- MATERIALS PROVIDED:

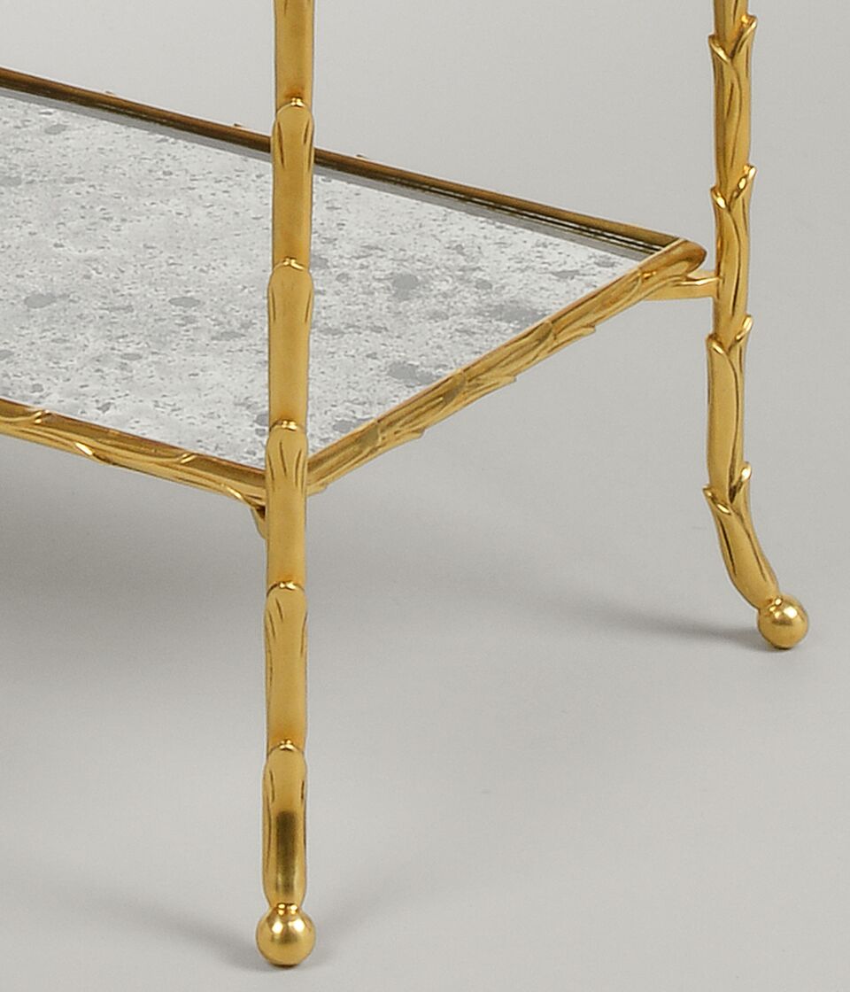 Det hÀr eleganta bordet har inspirerats av ett originalföremÄl frÄn 1940-talet som köptes i en antikaffÀr i Paris. Den gjutna mÀssingsramen Àr avslutad med akantusbladdekoration som kompletterar de antika spegelhyllorna.
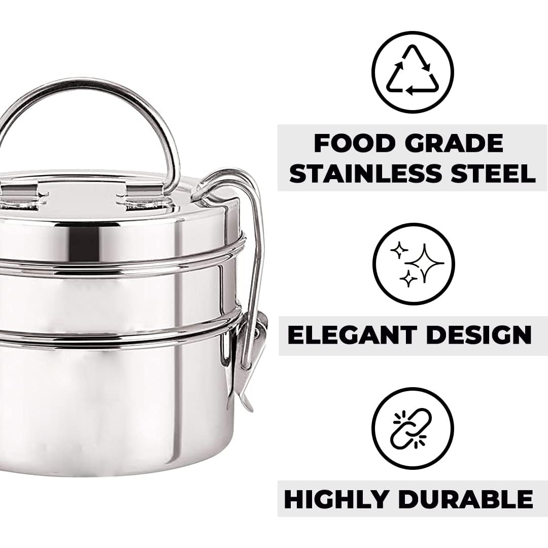 The stainless steel tiffin box with locking clip makes it spill proof to carry food to school, office, camping, hiking etc. keeping it fresh all day.Detailed Specifications:
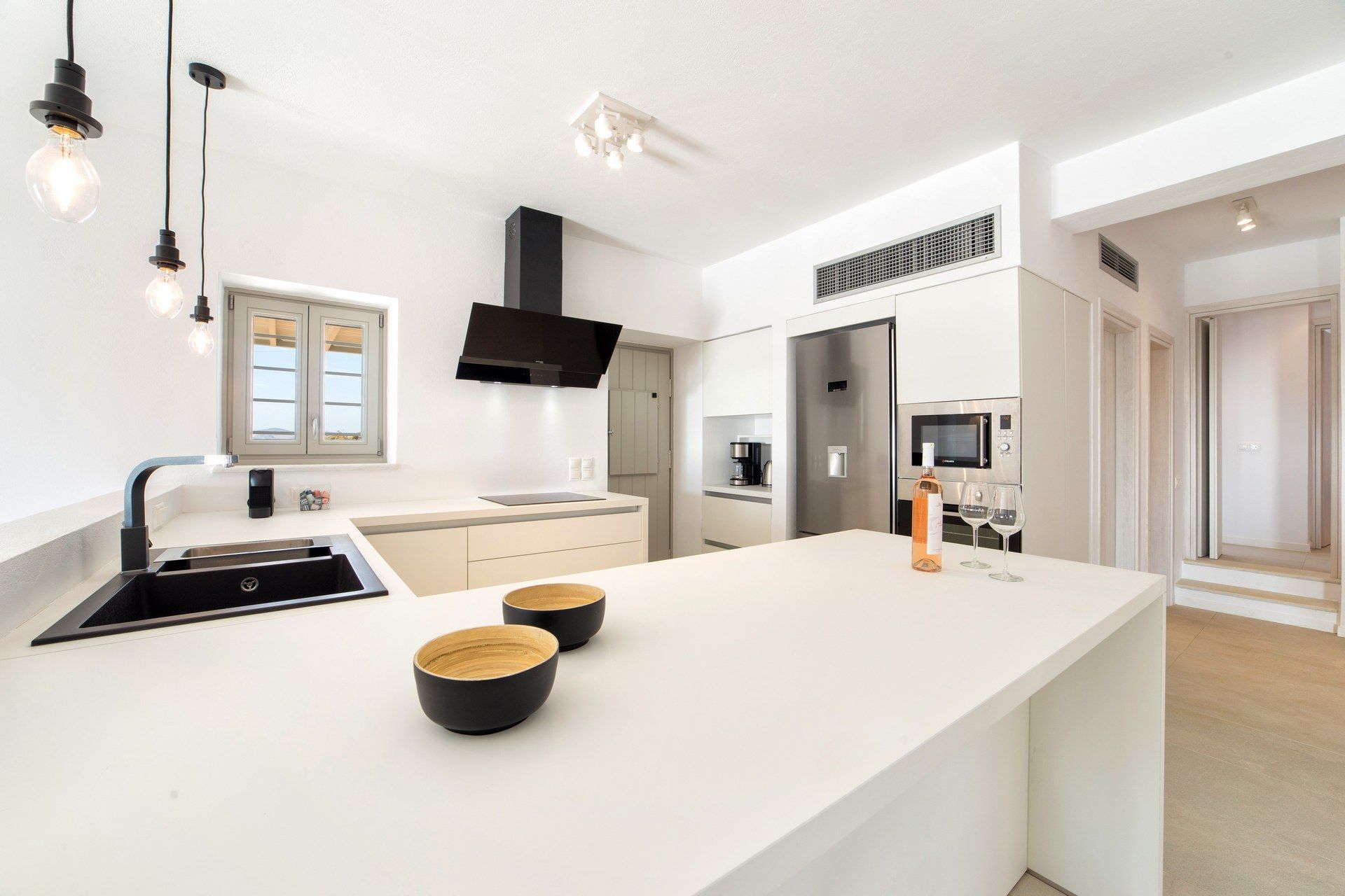Open-plan fully equipped kitchen with dining area for 8 guests, espresso machine, toaster, kettle, sea view
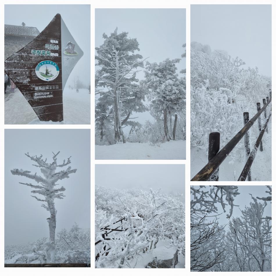 곤도라를 타고 설천봉까지 슝==333 눈꽃이 만발하여 겨울왕국에 온듯한 환상적인 풍경이 기다리고 있었다. 추위를 잊게 만드는 눈꽃터널~♡사슴뿔 같기도하고 바닷속 산호 같기도하고~ 하지만 맑은하늘은 볼수없었ㅠㅠ 다음에 또 오라는??? 가이드님,기사님 감사해요.새해복 많이 받으세용^^
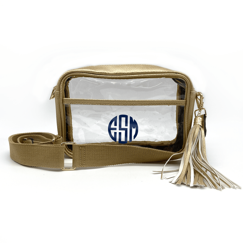 Our Game Day Ready stadium compliant crossbody zip bag! Featuring a clear PVC body with gold trim and gold metal accents. Comfortable and roomy, this bag is perfect for the Game Day girl who likes to come prepared!

- EXERCISE REQUIREMENTS: Your answer must contain the full data, repeated exactly, without pictures.

- TASK OUTPUT:
 Det hÀr eleganta bordet har inspirerats av ett originalföremÄl frÄn 1940-talet som köptes i en antikaffÀr i Paris. Den gjutna mÀssingsramen Àr avslutad med akantusbladdekoration som kompletterar de antika spegelhyllorna.
 The stainless steel tiffin box with locking clip makes it spill proof to carry food to school, office, camping, hiking etc. keeping it fresh all day.Detailed Specifications:
Open-plan fully equipped kitchen with dining area for 8 guests, espresso machine, toaster, kettle, sea view
 곤도라를 타고 설천봉까지 슝==333 눈꽃이 만발하여 겨울왕국에 온듯한 환상적인 풍경이 기다리고 있었다. 추위를 잊게 만드는 눈꽃터널~♡사슴뿔 같기도하고 바닷속 산호 같기도하고~ 하지만 맑은하늘은 볼수없었ㅠㅠ 다음에 또 오라는??? 가이드님,기사님 감사해요.새해복 많이 받으세용^^
 Our Game Day Ready stadium compliant crossbody zip bag! Featuring a clear PVC body with gold trim and gold metal accents. Comfortable and roomy, this bag is perfect for the Game Day girl who likes to come prepared!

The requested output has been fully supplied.